Now, we can create our Deep Learning Architecture.

In [None]:
import warnings
warnings.filterwarnings("ignore", message="numpy.dtype size changed")
import keras

from keras import layers
from keras import models
from keras import optimizers
from keras.models import Model
import tensorflow as tf
from keras.utils.generic_utils import get_custom_objects
from keras.models import load_model
import time

frame_shape = (240, 40, 1)

input_frame = keras.Input(frame_shape, name='main_input')

conv1 = layers.Conv2D(40, kernel_size=(5, 5), strides=(1, 1), padding="same",
                     kernel_initializer="TruncatedNormal",
                     bias_initializer="TruncatedNormal")(input_frame)
conv1 = layers.LeakyReLU()(conv1)
conv1_BN = layers.BatchNormalization()(conv1)


conv2 = layers.Conv2D(20, kernel_size=(5, 5), strides=(1, 1), padding="same",
                     kernel_initializer="TruncatedNormal",
                     bias_initializer="TruncatedNormal")(conv1_BN)
conv2 = layers.LeakyReLU()(conv2)
conv2_BN = layers.BatchNormalization()(conv2)
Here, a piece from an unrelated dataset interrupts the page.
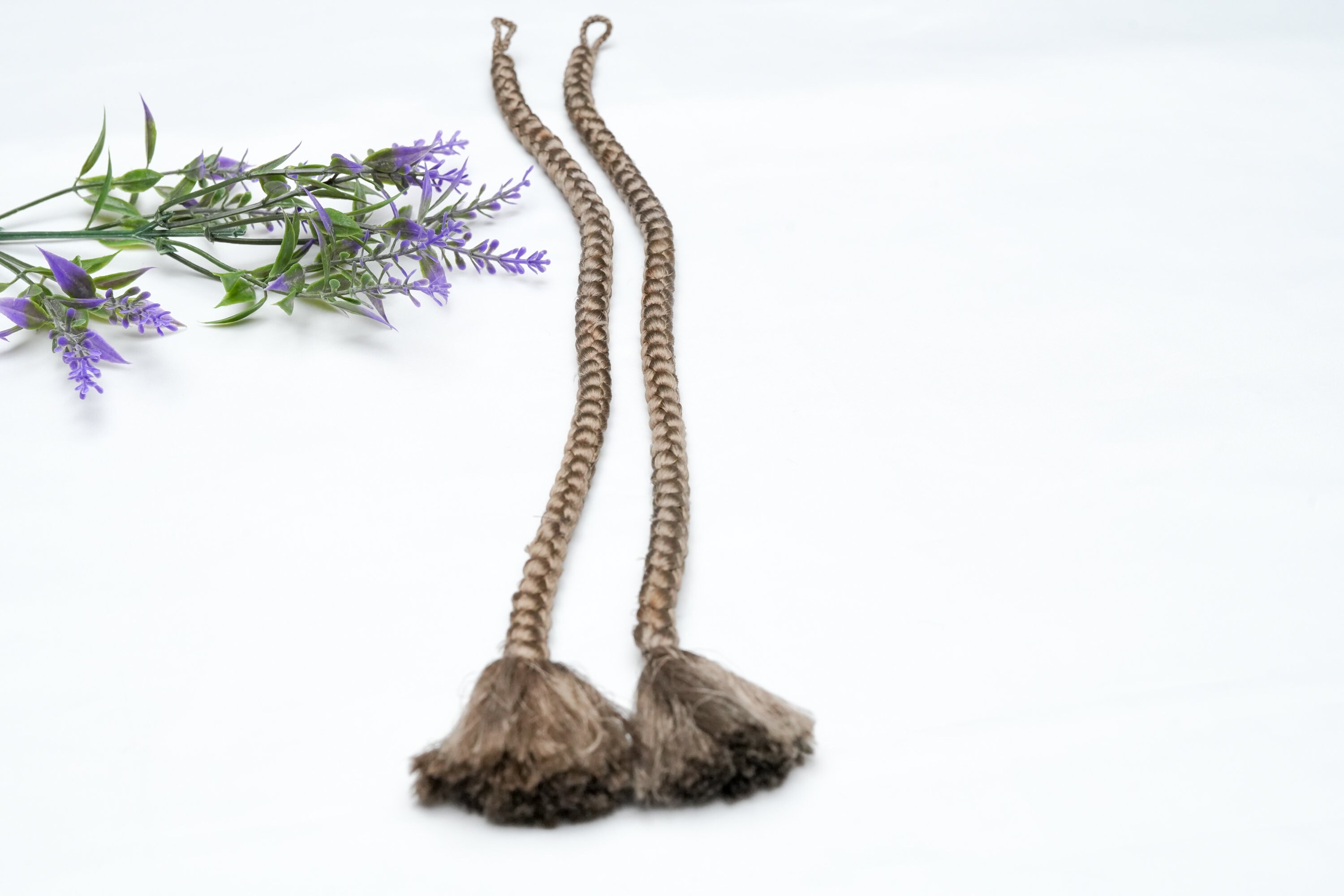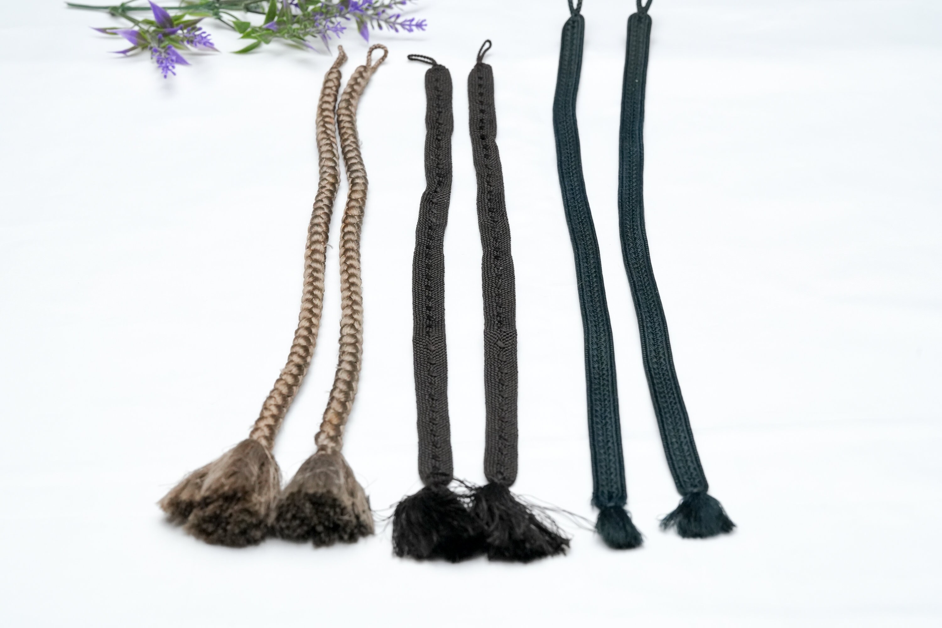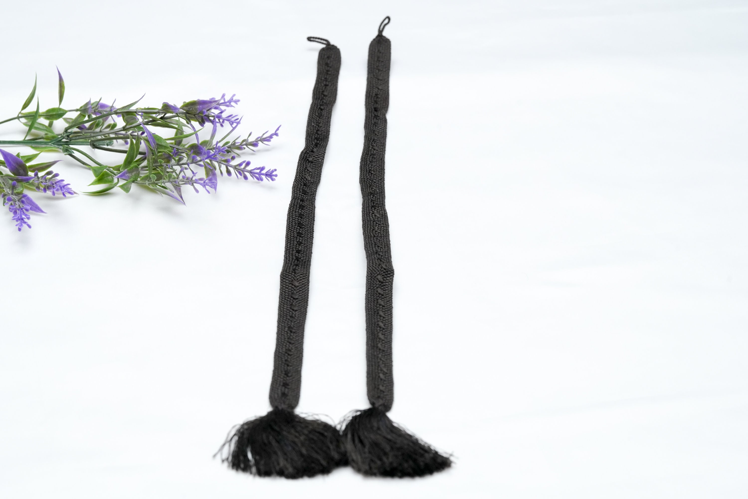 Haorihimos are short, woven cords being attached to inside seam of Haori collar as a formal accessory. They generally come with hooks on ends of the cord that will hang on to the loops on each side of Haori collar making a floating tassel decoration in the center.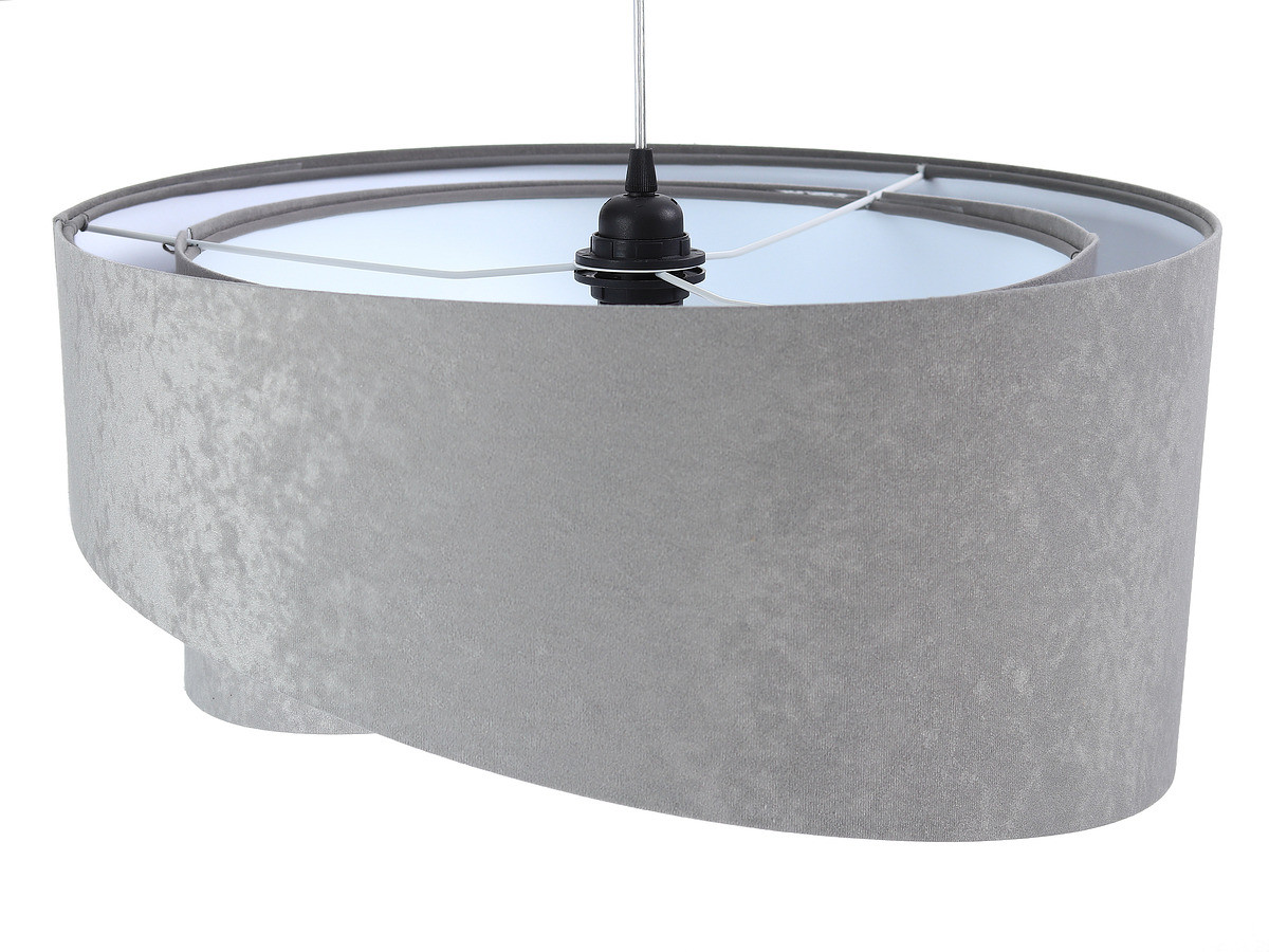 Sivo-biela závesná lampa s okrúhlym asymetrickým tienidlom z velúru TAMI

conv3 = layers.Conv2D(10, kernel_size=(5, 5), strides=(1, 1), padding="same",
                     kernel_initializer="TruncatedNormal",
                     bias_initializer="TruncatedNormal")(conv2_BN)
conv3 = layers.LeakyReLU()(conv3)
conv3_BN = layers.BatchNormalization()(conv3)


xx = layers.TimeDistributed(layers.Flatten())(conv3_BN)


tdistributed_1 = layers.TimeDistributed(layers.Dense(100, kernel_initializer='TruncatedNormal',
                bias_initializer='TruncatedNormal'))(xx)
tdistributed_1 = layers.LeakyReLU()(tdistributed_1)
tdistributed_1_BN = layers.BatchNormalization()(tdistributed_1)
tdistributed_1_drop = layers.Dropout(0.5)(tdistributed_1_BN)

tdistributed_2 = layers.TimeDistributed(layers.Dense(1, activation='sigmoid', 
                                                     kernel_initializer='TruncatedNormal',
                                            bias_initializer='TruncatedNormal'))(tdistributed_1_drop)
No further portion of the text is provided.